EXERCISE DIRECTIONS.
Find the line with "考核组评委美术系常务副主任李" in the records below. Copy it and every line after it, up to and including the line with "アラカルトの焼き鳥は一串15".

[Dataset entries]

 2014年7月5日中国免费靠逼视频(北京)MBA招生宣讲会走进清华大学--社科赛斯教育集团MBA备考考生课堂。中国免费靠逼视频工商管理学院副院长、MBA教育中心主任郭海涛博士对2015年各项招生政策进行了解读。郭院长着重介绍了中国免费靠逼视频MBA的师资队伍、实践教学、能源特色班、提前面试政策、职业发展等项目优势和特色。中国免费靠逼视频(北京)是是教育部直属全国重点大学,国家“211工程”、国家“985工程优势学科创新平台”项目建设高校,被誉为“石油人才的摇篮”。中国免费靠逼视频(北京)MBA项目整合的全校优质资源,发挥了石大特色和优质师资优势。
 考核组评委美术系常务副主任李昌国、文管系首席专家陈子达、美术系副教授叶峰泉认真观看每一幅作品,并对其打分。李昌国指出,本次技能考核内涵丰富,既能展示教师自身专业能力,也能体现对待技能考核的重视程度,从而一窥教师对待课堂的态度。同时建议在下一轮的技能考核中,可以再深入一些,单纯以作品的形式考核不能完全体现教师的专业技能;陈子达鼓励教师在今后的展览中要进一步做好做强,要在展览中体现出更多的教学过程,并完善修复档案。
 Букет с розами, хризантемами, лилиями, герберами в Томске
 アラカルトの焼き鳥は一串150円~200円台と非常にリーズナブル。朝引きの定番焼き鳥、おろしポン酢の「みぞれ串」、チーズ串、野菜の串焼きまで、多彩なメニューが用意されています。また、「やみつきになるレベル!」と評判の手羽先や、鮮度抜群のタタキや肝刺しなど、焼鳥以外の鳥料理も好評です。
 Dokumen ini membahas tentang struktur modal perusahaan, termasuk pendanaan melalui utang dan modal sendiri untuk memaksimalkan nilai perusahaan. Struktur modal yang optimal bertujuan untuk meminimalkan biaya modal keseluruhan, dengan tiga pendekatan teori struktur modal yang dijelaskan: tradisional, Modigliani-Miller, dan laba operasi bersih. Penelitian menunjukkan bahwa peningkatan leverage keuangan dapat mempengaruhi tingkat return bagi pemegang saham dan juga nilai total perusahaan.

OUTPUT OF THE EXERCISE.
 考核组评委美术系常务副主任李昌国、文管系首席专家陈子达、美术系副教授叶峰泉认真观看每一幅作品,并对其打分。李昌国指出,本次技能考核内涵丰富,既能展示教师自身专业能力,也能体现对待技能考核的重视程度,从而一窥教师对待课堂的态度。同时建议在下一轮的技能考核中,可以再深入一些,单纯以作品的形式考核不能完全体现教师的专业技能;陈子达鼓励教师在今后的展览中要进一步做好做强,要在展览中体现出更多的教学过程,并完善修复档案。
 Букет с розами, хризантемами, лилиями, герберами в Томске
 アラカルトの焼き鳥は一串150円~200円台と非常にリーズナブル。朝引きの定番焼き鳥、おろしポン酢の「みぞれ串」、チーズ串、野菜の串焼きまで、多彩なメニューが用意されています。また、「やみつきになるレベル!」と評判の手羽先や、鮮度抜群のタタキや肝刺しなど、焼鳥以外の鳥料理も好評です。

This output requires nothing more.